The menstrual cycle is a natural rhythm that women experience every month and shapes not only a woman’s physical well-being but also her emotional landscape. Among the various hormonal changes that accompany this monthly cycle, premenstrual emotional sensitivity stands out as a phenomenon experienced by women globally.
Premenstrual emotional sensitivity refers to the heightened emotional responsiveness and vulnerability that occurs in the days before their period. This sensitivity manifests in various emotional states, ranging from subtle mood swings to pronounced feelings of stress and sadness, and can significantly impact a woman’s overall well-being and daily functioning.
In this article, through the lens of research, we aim to shine a light on this often-overlooked aspect of women’s emotional well-being, to help grow a deeper understanding of the challenges and complexities women experience every month while navigating the hormonal fluctuations of the menstrual cycle. Through this article we have one main goal to start the conversation toward greater awareness, respect, and support for women’s menstrual well-being worldwide.
1- The physiological mechanisms underlying premenstrual emotional sensitivity: hormonal fluctuations and imbalances.
Premenstrual emotional sensitivity, often colloquially referred to as “PMS” (Premenstrual Syndrome), encompasses a range of emotional symptoms experienced by women in the days leading up to their menstrual periods.

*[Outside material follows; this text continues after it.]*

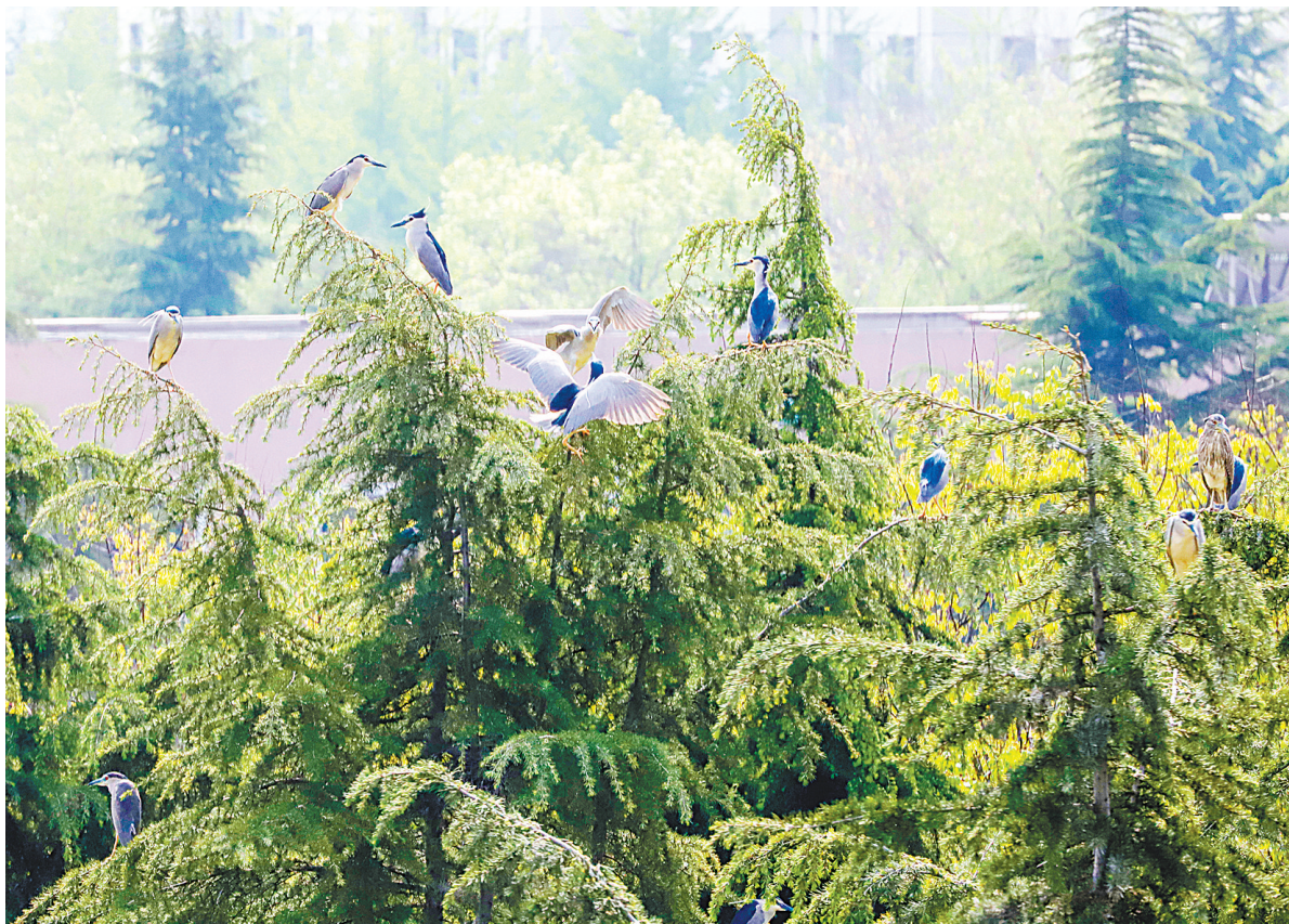
绿叶深处鸟鸣脆

While it is a common phenomenon, its underlying physiological mechanisms are still being elucidated. However, research indicates that the different hormone levels occurring during the menstrual cycle play a central role in precipitating these mood disorders.

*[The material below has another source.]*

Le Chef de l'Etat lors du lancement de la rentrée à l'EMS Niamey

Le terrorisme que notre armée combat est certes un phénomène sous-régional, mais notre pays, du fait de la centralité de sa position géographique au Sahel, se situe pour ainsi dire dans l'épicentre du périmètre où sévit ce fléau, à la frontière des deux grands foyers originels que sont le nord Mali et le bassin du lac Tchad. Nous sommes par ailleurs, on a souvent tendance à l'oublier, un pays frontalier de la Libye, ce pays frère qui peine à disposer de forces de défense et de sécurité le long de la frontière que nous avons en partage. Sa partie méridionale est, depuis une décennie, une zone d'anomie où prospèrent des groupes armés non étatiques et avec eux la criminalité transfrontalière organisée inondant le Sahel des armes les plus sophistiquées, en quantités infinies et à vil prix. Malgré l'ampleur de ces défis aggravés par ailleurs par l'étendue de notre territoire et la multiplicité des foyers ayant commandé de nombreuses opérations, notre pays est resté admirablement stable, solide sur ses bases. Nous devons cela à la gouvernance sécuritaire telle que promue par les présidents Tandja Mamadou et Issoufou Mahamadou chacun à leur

One of the key hormones involved in the menstrual cycle is estrogen, which rises steadily in the first half of the cycle, known as the follicular phase. Estrogen is associated with feelings of well-being, energy, and motivation.
However, as the menstrual cycle progresses towards the second half, levels of estrogen decline, reaching their lowest point just before the period starts. This decrease in estrogen levels has been linked to mood changes, including feelings of irritability, sadness, or anxiety.
Another hormone implicated in premenstrual emotional sensitivity is progesterone. Progesterone levels rise after ovulation during the second half of the menstrual cycle or the luteal phase, peaking around mid-cycle.
While progesterone is necessary for maintaining a pregnancy, its fluctuations during the menstrual cycle can also influence mood. Research suggests that high levels of progesterone may cause symptoms of anxiety and depression among women in reproductive age.
2- Navigating Premenstrual Emotional Sensitivity
In a groundbreaking study titled “The impact of menstrual symptoms on everyday life: a survey among 42,879 women,” researchers provided profound insights into the tangible effects of menstrual symptoms on women’s daily lives, shedding light on the real-world implications of hormonal transitions on emotional well-being.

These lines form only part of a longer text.